* _Task directions_: Each line of the listing, apart from the pictures, is to be printed exactly.

* _Raw data_:
-------
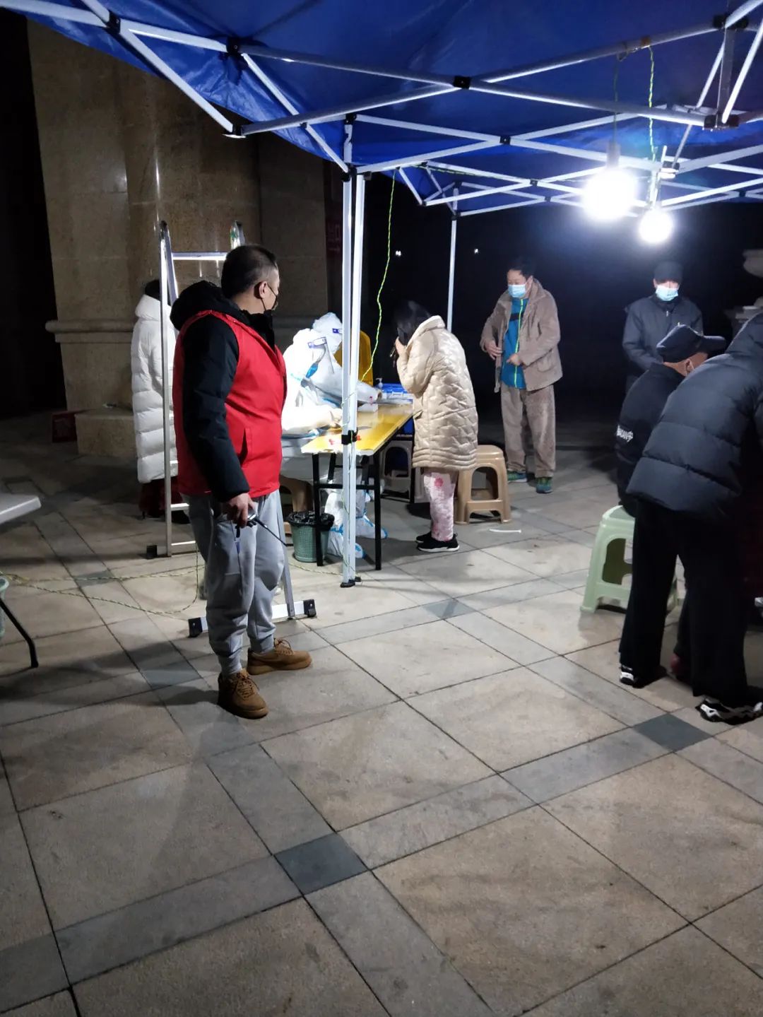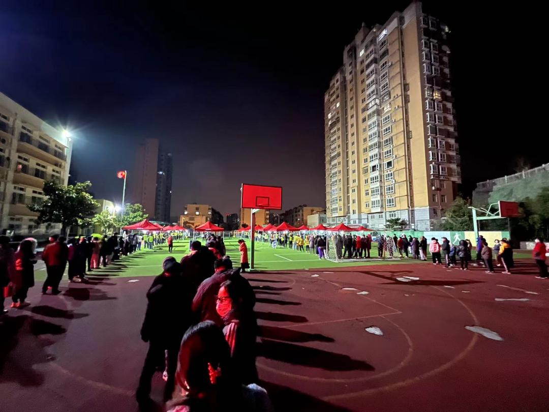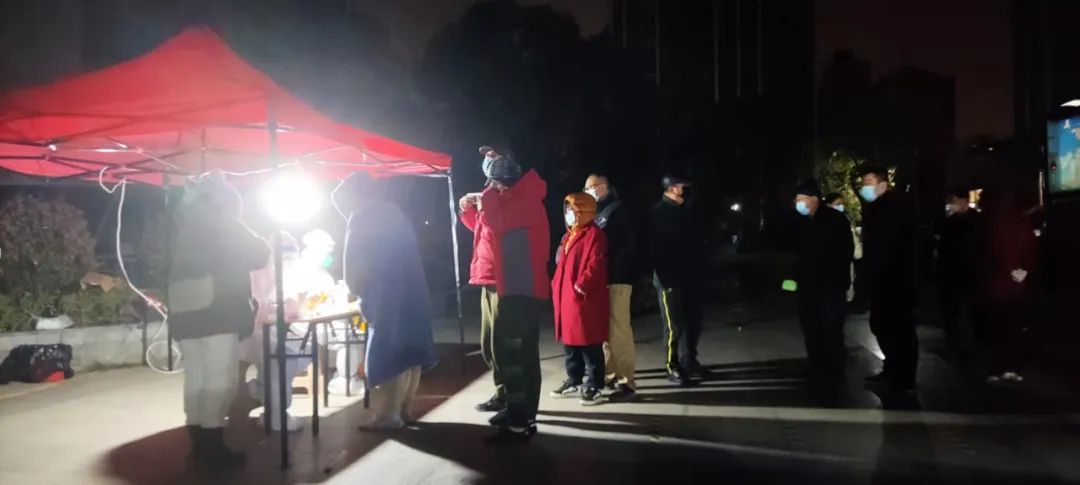 29日凌晨1点45分,和平街道天山社区小广场上,居民们参加核酸检测
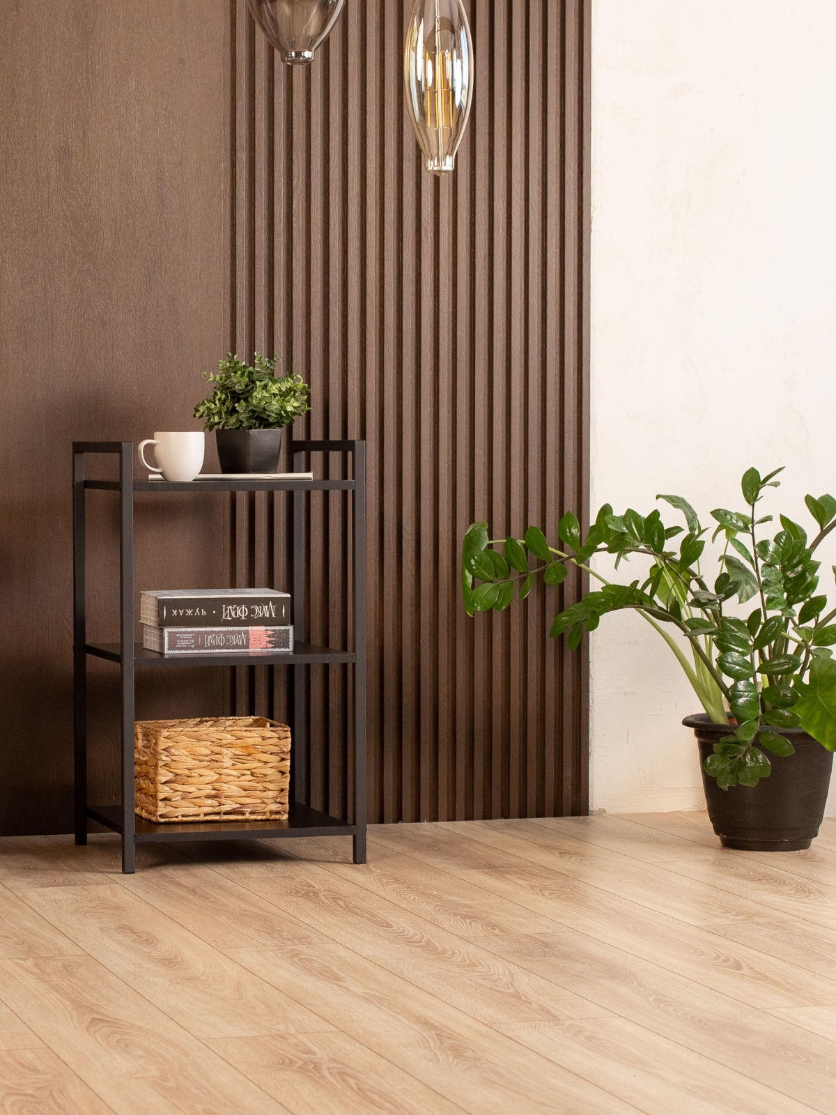 Полки изготовлены из ЛДСП с имитацией натурального дерева, что привносит в образ изделия теплую, природную фактуру и визуальную легкость. Контраст черного металла и древесного рисунка создает эффект баланса между индустриальной жесткостью и домашним уютом, характерным для классического лофта. Благодаря этому «Двина» органично вписывается в интерьерные решения с кирпичными или бетонными стенами, деревянными балками и другими индустриальными элементами. Она легко станет акцентом, подчеркивающим стиль пространства, или же гармоничным дополнением к уже существующей композиции.
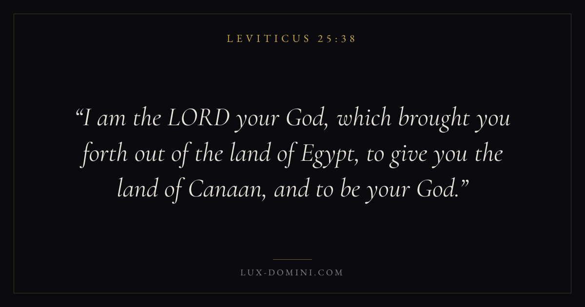 I am the LORD your God, which brought you forth out of the land of Egypt, to give you the land of Canaan, and to be your God.
-------
* _Solution_:
 29日凌晨1点45分,和平街道天山社区小广场上,居民们参加核酸检测
 Полки изготовлены из ЛДСП с имитацией натурального дерева, что привносит в образ изделия теплую, природную фактуру и визуальную легкость. Контраст черного металла и древесного рисунка создает эффект баланса между индустриальной жесткостью и домашним уютом, характерным для классического лофта. Благодаря этому «Двина» органично вписывается в интерьерные решения с кирпичными или бетонными стенами, деревянными балками и другими индустриальными элементами. Она легко станет акцентом, подчеркивающим стиль пространства, или же гармоничным дополнением к уже существующей композиции.
 I am the LORD your God, which brought you forth out of the land of Egypt, to give you the land of Canaan, and to be your God.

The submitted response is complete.